*** DATA UNDER STUDY Section Begins ***

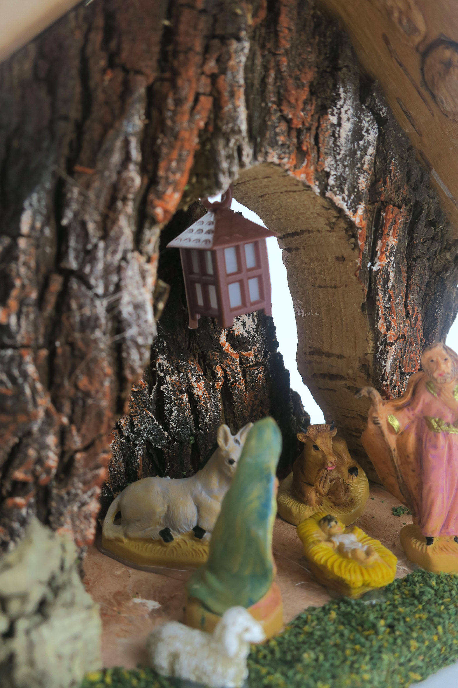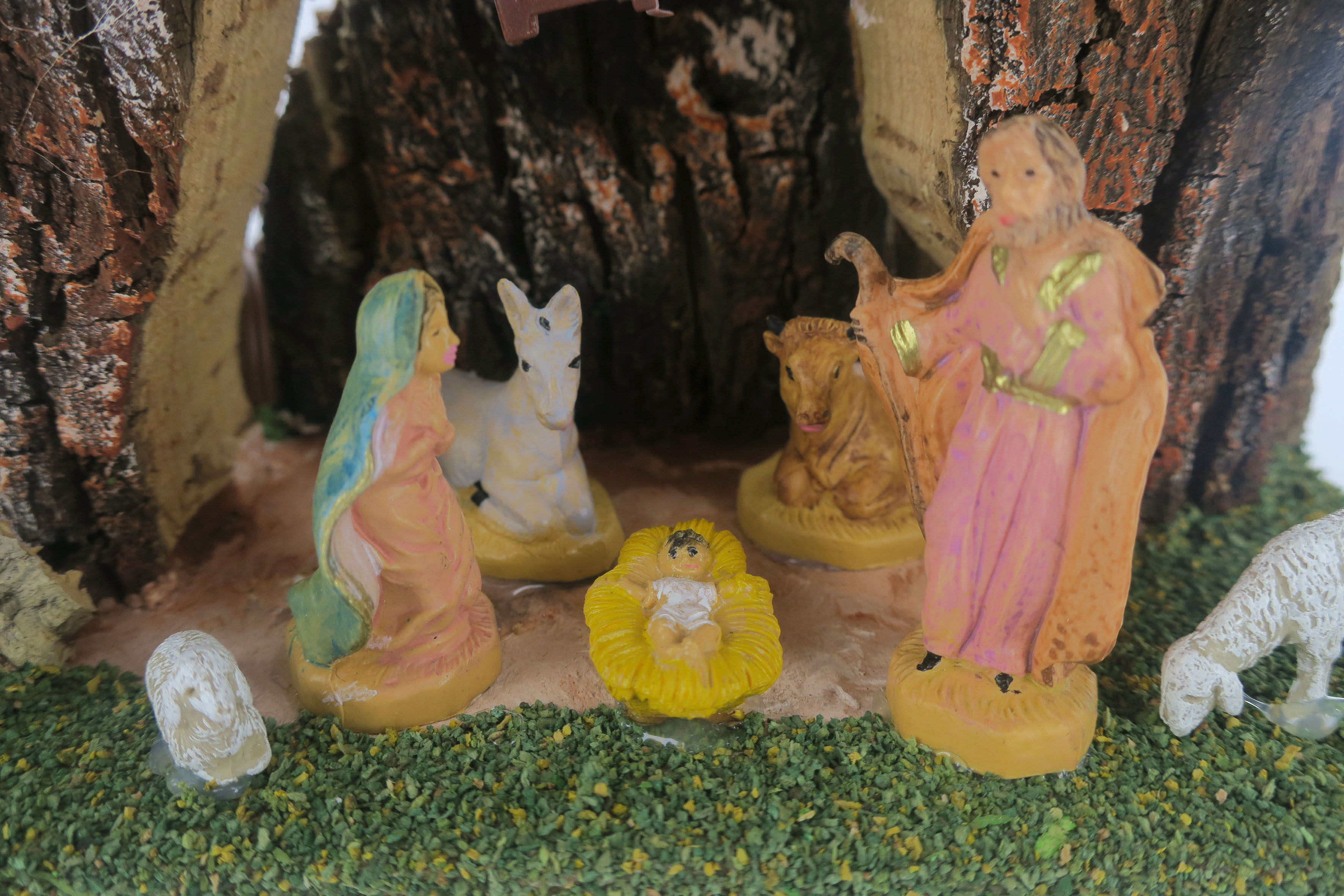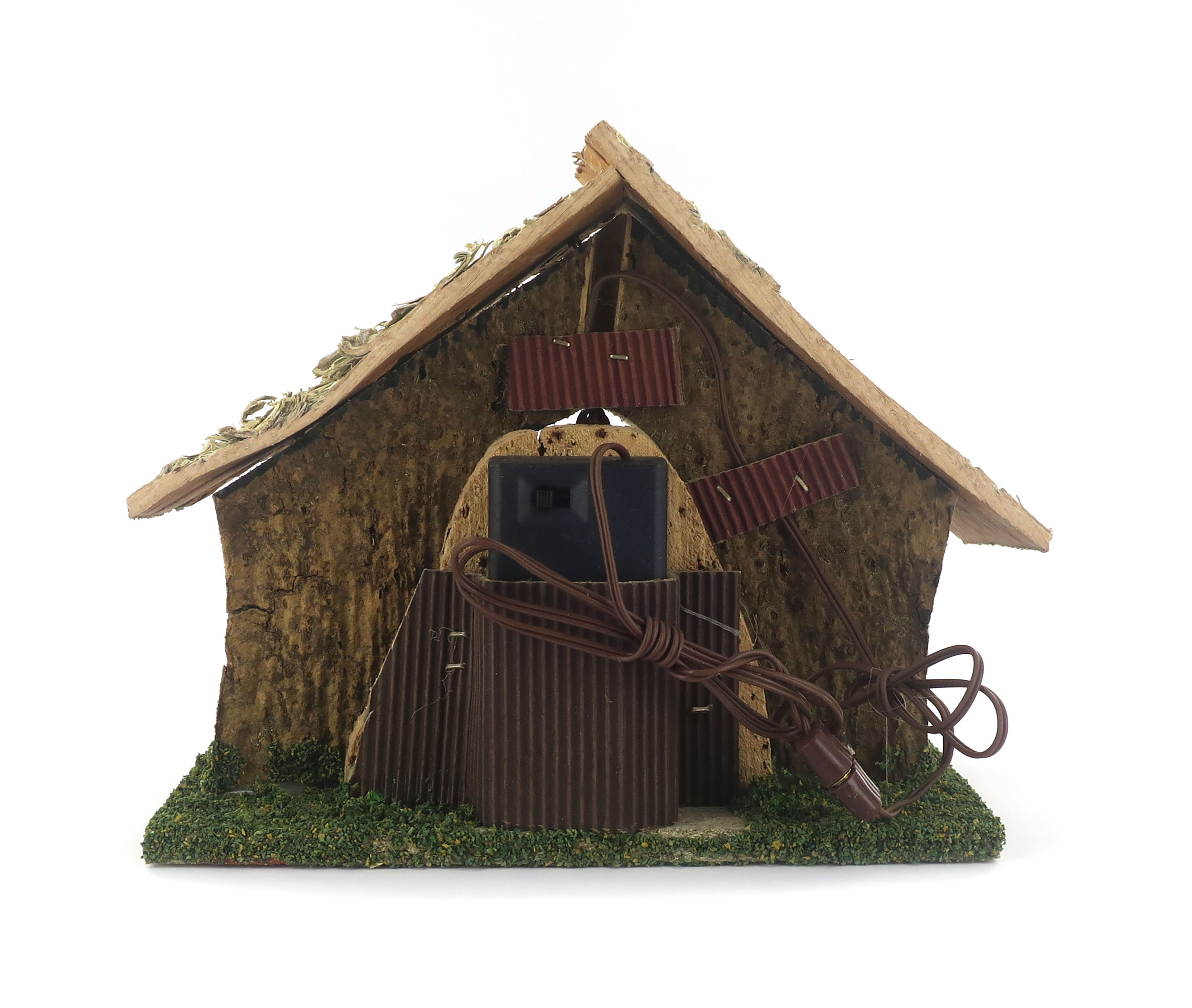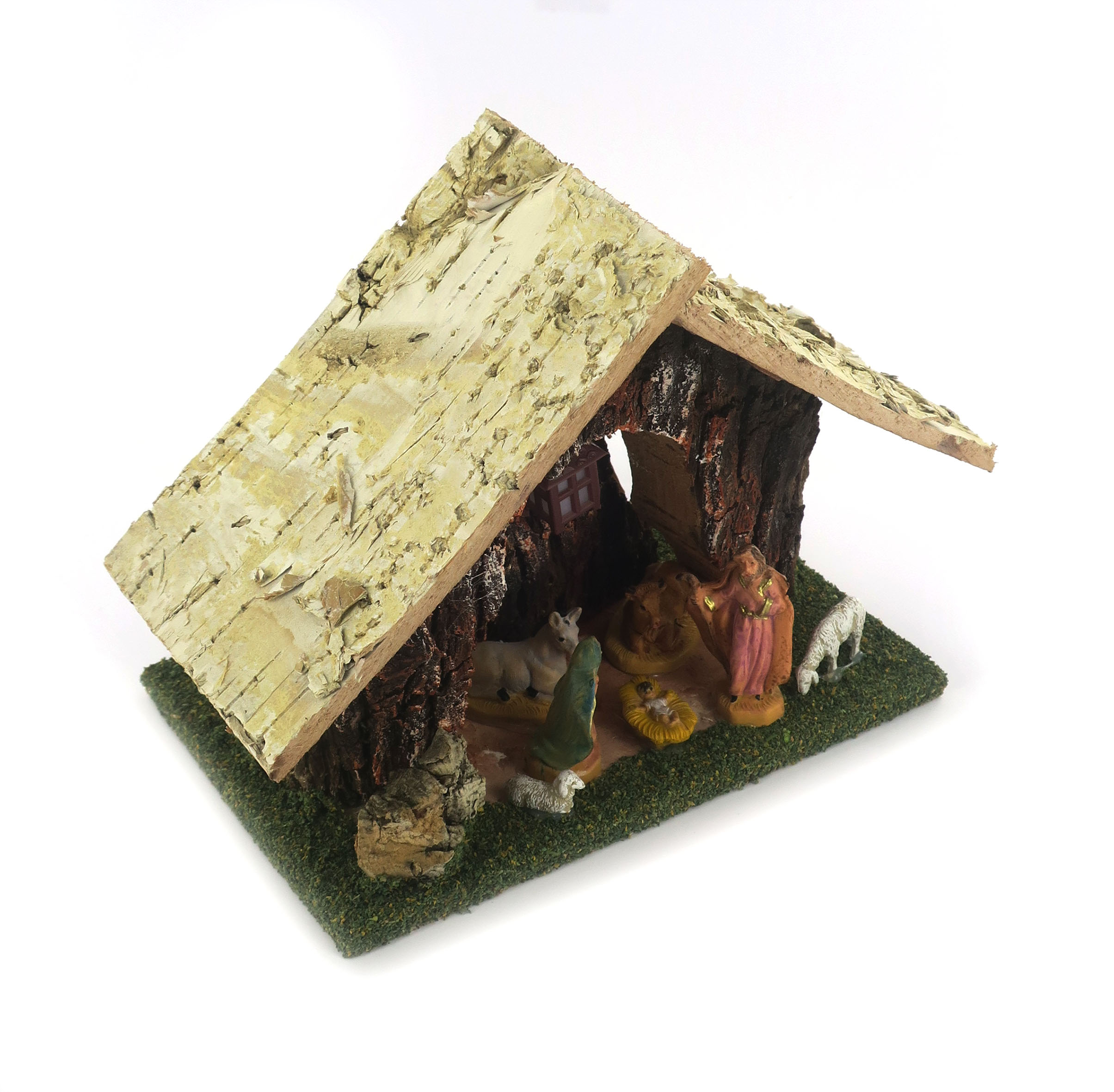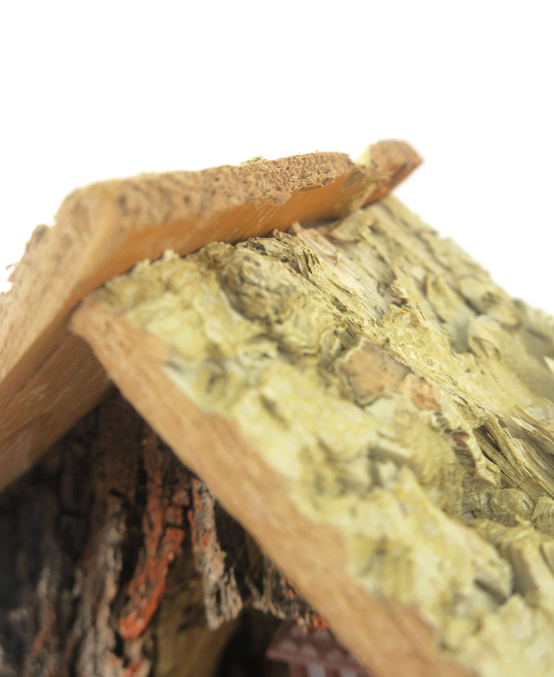 Capanna con lanterna e Natività. Alimentazione a batteria. Dimensioni: 16 x 10 x 14 cm. Materiali: legno, sughero e plastica. Realizzato artigianalmente in Italia.
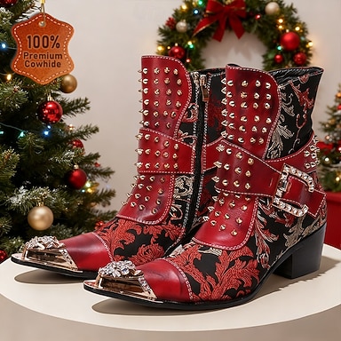 Bottines gothiques brodées en cuir véritable rouge pour hommes avec sangles à double boucle et embout en métal, bottines western 100 % cuir de vache pour scène, fêtes et défilés de mode
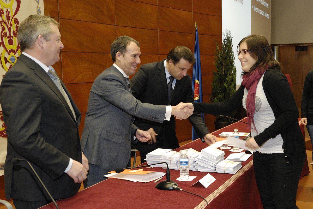 En el acto, los estudiantes que participan en los diferentes programas de movilidad han recibido las becas de Caja Rural de intercambio con universidades. El presidente de Caja Rural de Navarra, José Luis Barriendo, les ha hecho entrega de los cheques, que difieren en cuantía según sean becas para quienes están todo el curso académico en el extranjero o para quienes han permanecido fuera un semestre.
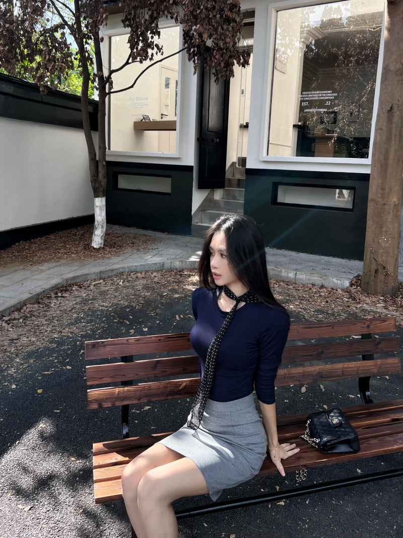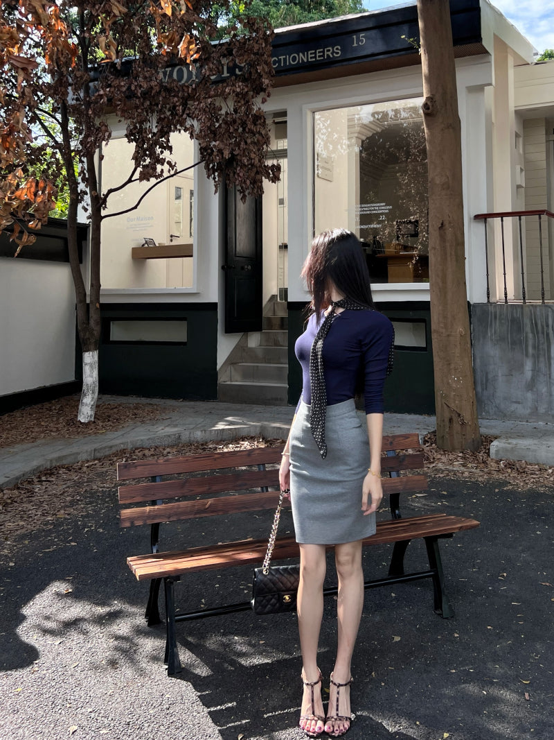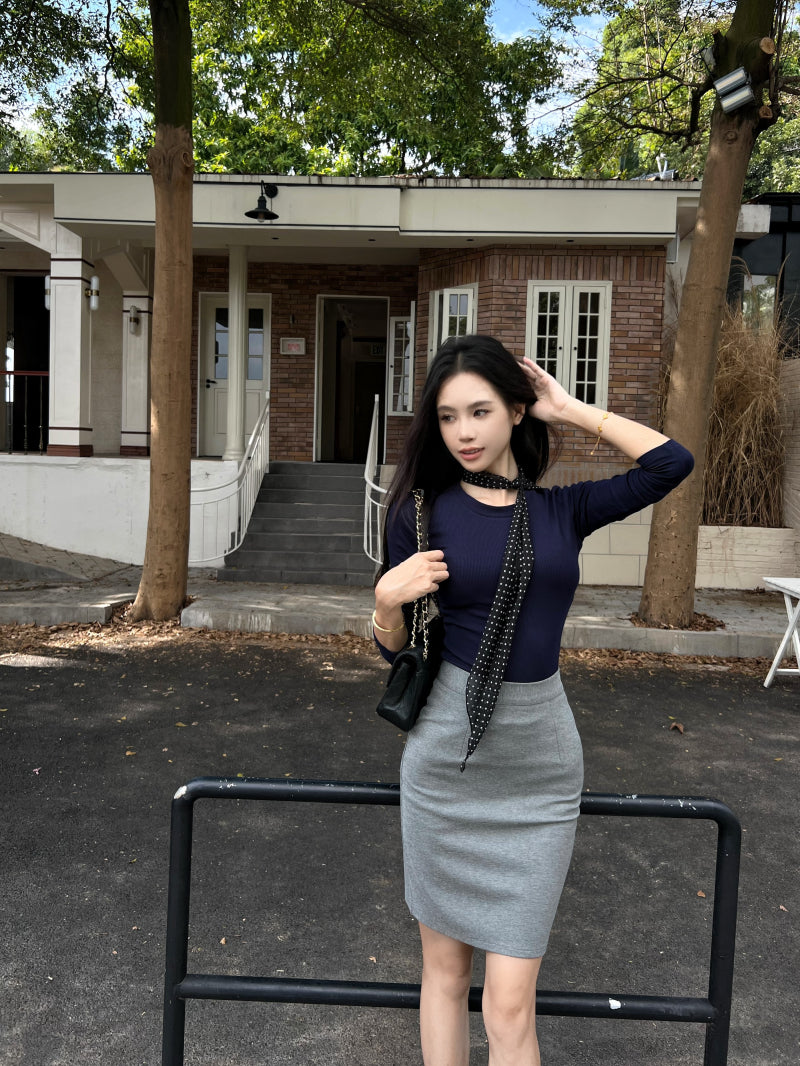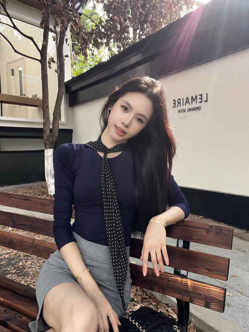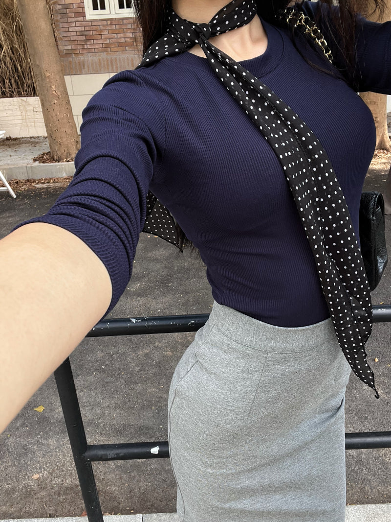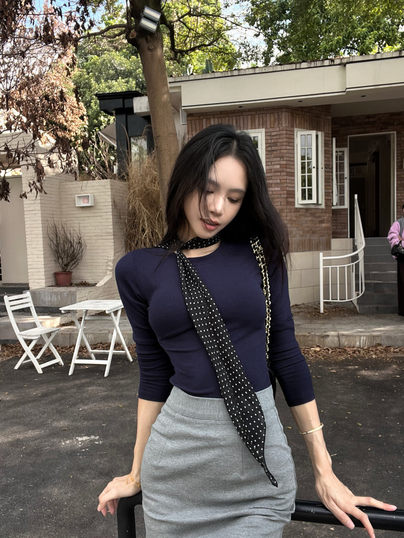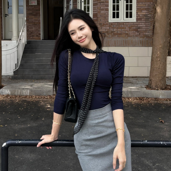 【tops】ラウンドネック長袖スカーフ付きTシャツG24533
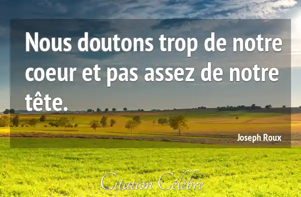 Nous doutons trop de notre coeur et pas assez de notre tête.
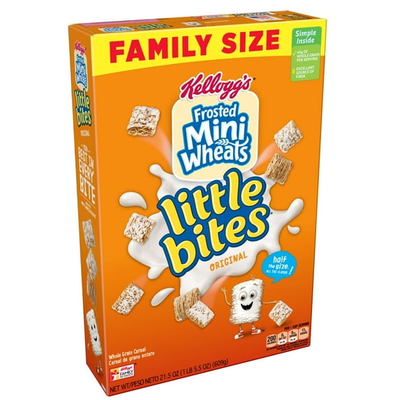 3 optionsAvailable in additional 3 options$448current price $4.48, Was $4.98$4.9822.2 ¢/ozKellogg's Frosted Mini-Wheats Little Bites Breakfast Cereal, Kids Cereal, Family Breakfast, Family Size, Original, 20.2oz Box (1 Box)
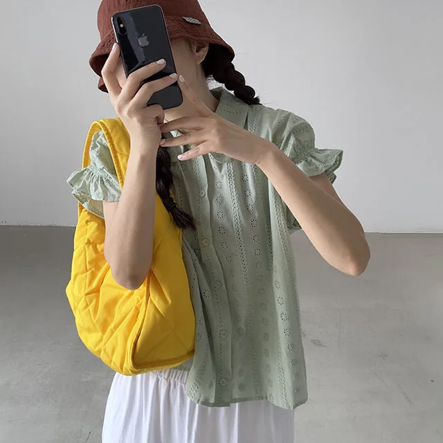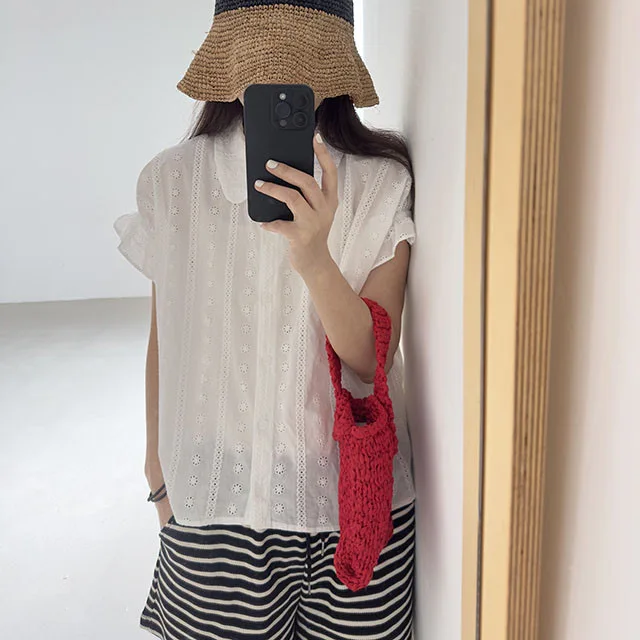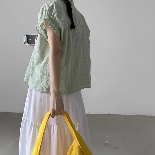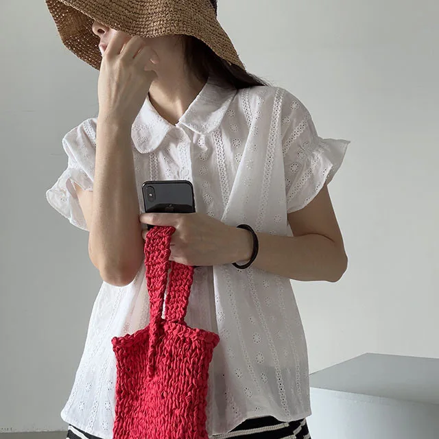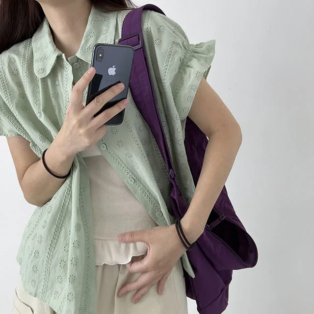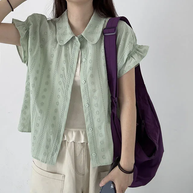 The sweet French style collar adds a touch of elegance, making this shirt suitable for both daytime and evening wear.
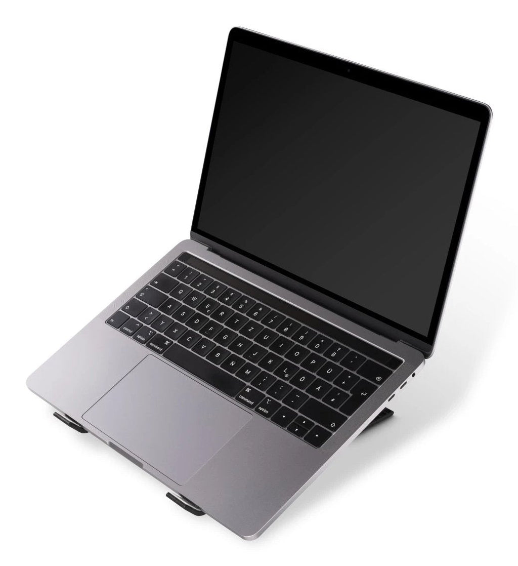 Topes de goma adicionales que evitan rayaduras y el desplazamiento del portátil.
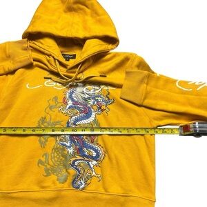 Ed Hardy Dragon Tattoo Pullover Gold Hoodie Size Medium Signature Logo

*** DATA UNDER STUDY Section Ends ***

■ TASK TO COMPLETE
Reproduce verbatim the opening line of the material and every line after it, up to and including the line with "Bottines gothiques brodées", but no pictures.

■ TASK RESPONSE
 Capanna con lanterna e Natività. Alimentazione a batteria. Dimensioni: 16 x 10 x 14 cm. Materiali: legno, sughero e plastica. Realizzato artigianalmente in Italia.
 Bottines gothiques brodées en cuir véritable rouge pour hommes avec sangles à double boucle et embout en métal, bottines western 100 % cuir de vache pour scène, fêtes et défilés de mode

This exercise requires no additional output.